The next three posts on this blog are pretty much exactly what they sound like – an overview of the places to go and things to do in Lima, based on my experiences. Not that they will then be the end of me talking about Lima; I like to think of it as just putting most of the information and memories I collected in a few boxes, like photo albums. I lived in Lima between the beginning of August and mid-December 2014, studying at the PUCP as part of my year abroad. As mentioned in a previous post, I lived with a local family in Pueblo Libre. However, I spent most of my free time (that is to say, not studying or dancing) in Miraflores, San Isidro and Barranco, looking for food to eat, experiences to try and pretty things to photograph. To start my trio of Peruvian posts, let’s dive into
Pueblo Libre:
(The view of Pueblo Libre from my balcony)
This will be a short and sweet section, since I am focusing on one place in the district: the Museo Larco. Although Pueblo Libre is by far not the city’s nicest district, it is home to this lovely museum and restaurant. The museum itself is really interesting, filled with jewellery, vases and other ancient artefacts. It is even complete with a section dedicated to pre-Colombian erotic art! I do enjoy a nice fertility statue. I went there with two other international students I met, and discovered it to be a genuinely interesting and enjoyable way to spend a morning before lunching at the museum’s restaurant.
(One of the museum's artefacts)
The restaurant serves really tasty food; a mix of traditional Peruvian dishes (tequeños, ceviche, lomo saltado, etc.), pastas, risottos, steaks, burgers, and more. I particularly liked the combination of the two styles on one plate: for example, my favourite dish was spaghetti with huancaína sauce and prawns (I have already discussed my love of huancaína). To drink, there are the staple pisco sours, cocktails and Cusqueña beer (and soft drinks too, but funnily enough I never had any). When I was there, a brand of champagne whose name now escapes me was celebrating its 85thbirthday by selling 200ml bottles of champagne in various restaurants and bars, including the Museo Larco’s restaurant. You can believe that I took full advantage of that timely opportunity. In fact, because it was located between the flat I was living in and the university, more than once I would frequent the restaurant on the way home or in a long break between classes.

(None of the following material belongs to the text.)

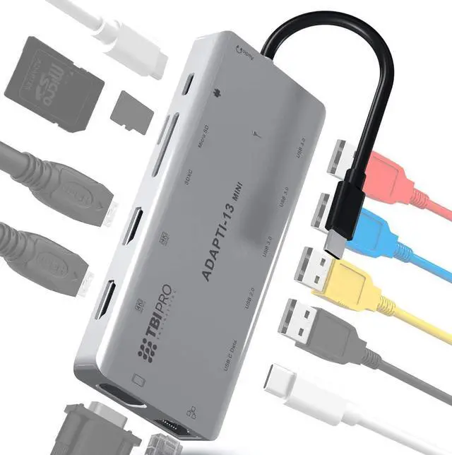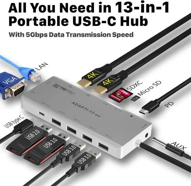 13-IN1 USB C Hub Precision milled aluminum 13 in1 USB C hub comes with all ports you need for work.

The greatest joy of the Museo Larco is the tranquillity of its gardens. Anyone who has walked up Avenida Simón Bolivar knows that it is a lively street; car horns constantly honking,taxistastouting for business, the markets and bakeries always bustling. To enter into the verdant enclosure of the Museo Larco is like stepping into another world – dappled sunlight and sweet quietness fill the air while you can sip a cocktail and read a book in peace. Bliss.